Recently in Baijnath Gupta v. State of M.P. : 1966CriLJ179 this Court further explained that it is the quality of the act that is important and if it falls within the scope and range of the official duties of the public servant concerned the protection contemplated by Section 197 of the Criminal Procedure Code will be attracted.

5. The principle embodied in this section seems to be well-understood; the difficulty normally lies is in its application to the facts of a given case. The question whether a particular act is done by a public servant in the discharge of his official duty is substantially one of fact to be determined on the circumstances of each case. In the present case the alleged offence consists of the use of defamatory and abusive words and of getting the complainant forcibly turned out of the operation theatre by the Cook. There is nothing on the record to show that this was a part of the official duty of the appellant as Civil Surgeon or that it was so directly connected with the performance of his official duty that without so acting he could not have properly discharged it.

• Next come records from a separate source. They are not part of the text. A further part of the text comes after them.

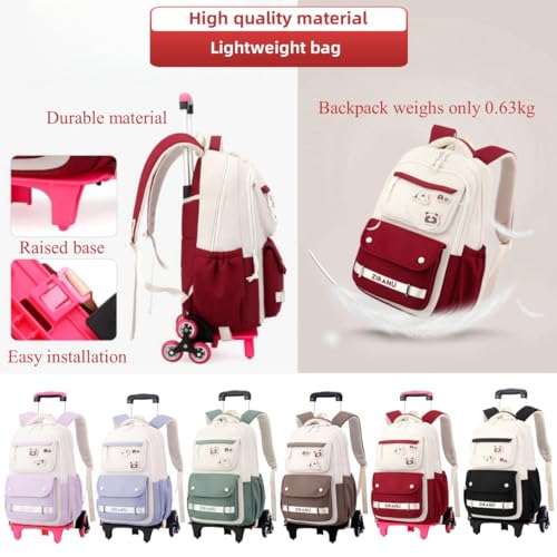 Simple and classic color scheme: this girls trolley backpack with classic and simple color scheme is very fresh and everyday, he can match your clothes well and also suitable for a variety of places.High-quality trolley backpack: trolley backpack using high-quality aluminum material is not easy to bend, backpack fabric using high-density waterproof nylon, rainy days can also be easy to travel, there are 6-wheeled trolley backpacks to choose from, the wheel trolley can be climbed, the daily travel more easily.Large-capacity rolling school bag: the backpack has multiple front pockets and pockets, built-in large-capacity main pocket and computer compartment straps, size 32(L)*18(W)*46(H)cm/12.6(L)*7.1(W)*18.1(H)Inch, the capacity of the backpack is about 26 liters, which can well meet your daily needs.Comfortable to use:This girls color blocking trolley backpack is perfect for elementary middle school girls practical, detachable design, can be carried and pulled, thickened shoulder straps as well as handles, can effectively protect the child's spine, lightweight backpack.If you need a perfect gift, you may want to consider this cute girl trolley backpack, perfect for middle school, elementary school girls, you can give it to your kids or friends on Christmas, birthday, start of school and other festivals, it will surely satisfy you! Perfect for everyday use. High quality materials and excellent craftsmanship ensure long-lasting durability.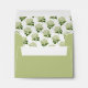 Sage green and white wedding return address envelopes are printed with your return address and a white and green antique hydrangea flower pattern on the inside.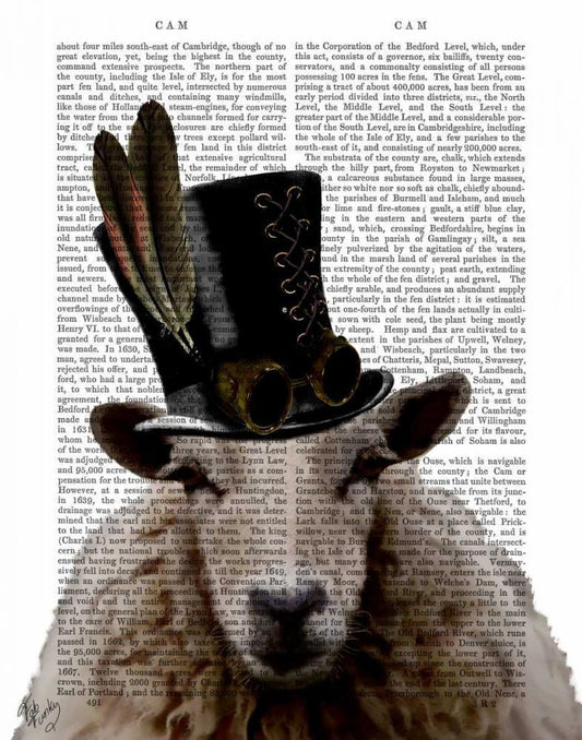 Steampunk Hare with Bowler Hat White Modern Wood Framed Art Print with Double Matting by Fab Funky

6. As suggested by this Court in Prabhakar v. Sinari v. Shanker Anant Verlekar : 1969CriLJ1057 it would be open to the appellant to place material on the record during the course of the trial for showing what his duty as Civil Surgeon was and also that the impugned acts were inter-related with his official duty so as to attract the protection afforded by Section 197, Cr.P.C. We do not find any material on the existing record suggesting that the impugned acts were done by the appellant in the discharge of his official duty or that they are directly connected with it. This appeal accordingly must fail and is dismissed.